June 25, 2016 at 11:00 pm

Dear Dr. Zaiontz,
I would like to ask whether there is a difference between the result of the Friedman test and the Wilcoxon test if participants are assessed on two occasions. Can I use Friedman test in such a situation? I ask because I have found somewhere an information that the Friedman test can be used for 3 or more correlated samples.
I would be grateful for your advice.
Joanna
Reply
- Charles
  
  June 27, 2016 at 9:43 am
  
  Joanne,
  Friedman’s Test is essentially the Wilcoxon’s Signed Ranked Test where there are 2 or more (repeated measures) groups. When there are two groups the results should be the same, but I suggest that you try using both methods and see for yourself.
  Charles
  Reply
Evonne

April 3, 2016 at 5:39 am

Hii..
May i ask some question regarding how to differentiate blocks and treatment in Friedman test? Izit always that blocks is row , and treatment is column?
Thanks…
Reply
- Charles
  
  April 3, 2016 at 10:13 pm
  
  Evonne,
  The treatments are the columns and the subjects are the rows. Each subject can be considered to be a block.
  Charles
  Reply
Laurie

January 14, 2016 at 6:41 am

Hello:
I am trying to download Real Stats for use with my Mac, using Excel 2008. It seems to have downloaded (it is listed as an Add-On) but I can’t seem to open (or find reference to) the application in Excel.
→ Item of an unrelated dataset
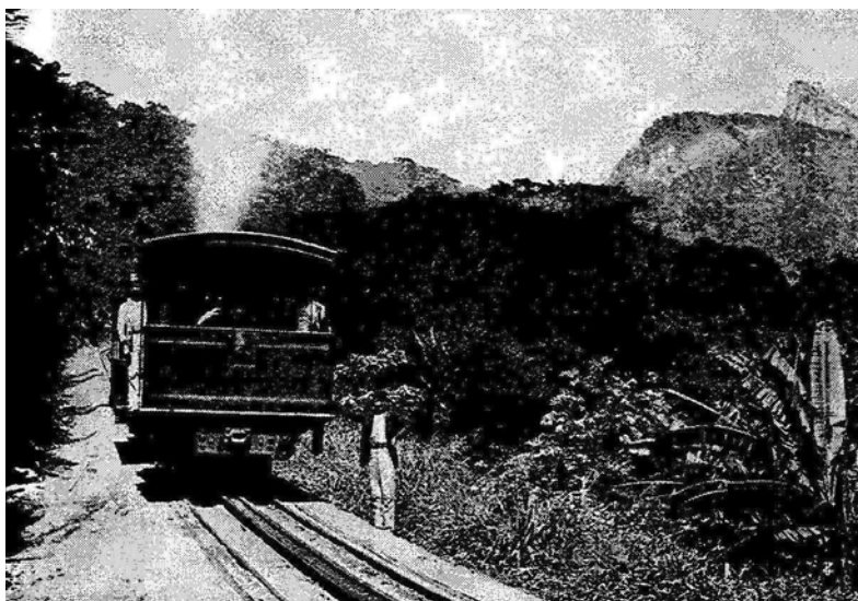
Imagem 3. Ferrovia do Corcovado

Outra característica, representada também na imagem que segue, a qual é inserida pelo próprio autor, em sua obra de divulgação, refere-se à vitória sobre a natureza, representada pelo avanço da ferrovia, no Corcovado, em forma de cremalheira. Ao destacar que tal obra – a cremalheira – construída pelo prefeito fluminense há muitos anos, é um sinal de sua audácia e talento, Buccelli reforça sua concepção de um poder público corajoso que está conduzindo a ferro e fogo a cidade à modernidade. Ela chega também com o vapor e permite conquistar este espaço de beleza incomparável, que permite uma vista panorâmica de toda a urbs , que é o cume do morro do Corcovado. Como se identifica emblematicamente na imagem selecionada por Vittorio Buccelli, a modernidade pode ser representada como um trem que vai penetrando na floresta, produzindo fragmentos imagéticos do progresso da tecnologia.

Might there be a compatibility problem? I would like to be able to run a Friedman’s Test. I’ve never worked with add-ons in Excel before but this seems like a potentially very useful tool.
Reply
- Charles
  
  January 14, 2016 at 8:46 am
  
  Laurie,
  Unfortunately, Excel 2008 does not support VBA, which is a requirement for any add-in, including Real Stats. You will need to use either the Windows version of Excel or Excel 2011 or Excel 2016 (Mac) to use Real Stats.
  Charles
  Reply
Christian Cabezas

December 22, 2015 at 3:36 am

Dear Dr. Zaiontz,
I have a sample of 100 people who ranked 14 elements based on their relevance. I have been looking for the right test to analyze if there exist a significant difference in the rankings. I have not found any other alternative that the Friedman tests and then post hoc (Wilcoxon’s signed ranks test on all 45 pairs, using a Bonferroni correction). However, i found in a blog that one assumption of Friedman test is that there should be repeated measures from the same participants (at least three). So, according to the blog, it is supposed to be used only for repeated measures. Do you think that I can still use this test for my specific research case? Thanks for your advice!
Reply
- Charles
  
  December 22, 2015 at 11:06 am
  
  Christian,
  
  Friedman’s should be used with repeated measures. Since presumably each of the 100 people ranks each of the 14 elements, this is a repeated measures problem. Whether or not Friedman’s is the correct test depends on what exactly you are trying to test. If you want to know whether the rankings for the 14 elements are the same, then Friedman’s could be correct (or even possibly ANOVA with repeated measures). It also depends on what sort of values you are using for the rankings.
  
  If you are trying to determine whether the 100 people agree in how they rank, then you should consider using ICC or Kendall’s W, depending again on how you do the rankings. These are covered on the website. Just insert the appropriate test in the Search box.
  
  Charles
  Reply
Joel

December 9, 2015 at 7:02 pm

Hi – I wanted to check on validity of using Friedman’s test for a two factor anova – I have two types of implant materials that were evaluated histologically at 1 week and 4 weeks post-implantation. I believe that 1 factor would be the type of implant material and the 2-factor would be time – this is not repeated measures since samples for each type of implant material are different at each time point – please let me know if Friedman’s test is correct and if so – do I undertake post-hoc tests similar to a two factor ANOVA but using Dunn’s-KW-type tests?
Reply
Claude Pelletier

November 30, 2015 at 1:55 pm

Hello I am interpreting a Mixed ANOVA Test I have 2 Groups (100/Group); Control and Treatment (between subject factor: Independant variable), which had their Phosphate blood value (dependent variable) measured over time (within subject factor) (0h 12h 24h 36h 48h 60h and 72h).
If I am correct this is a 2×2 Mixed ANOVA.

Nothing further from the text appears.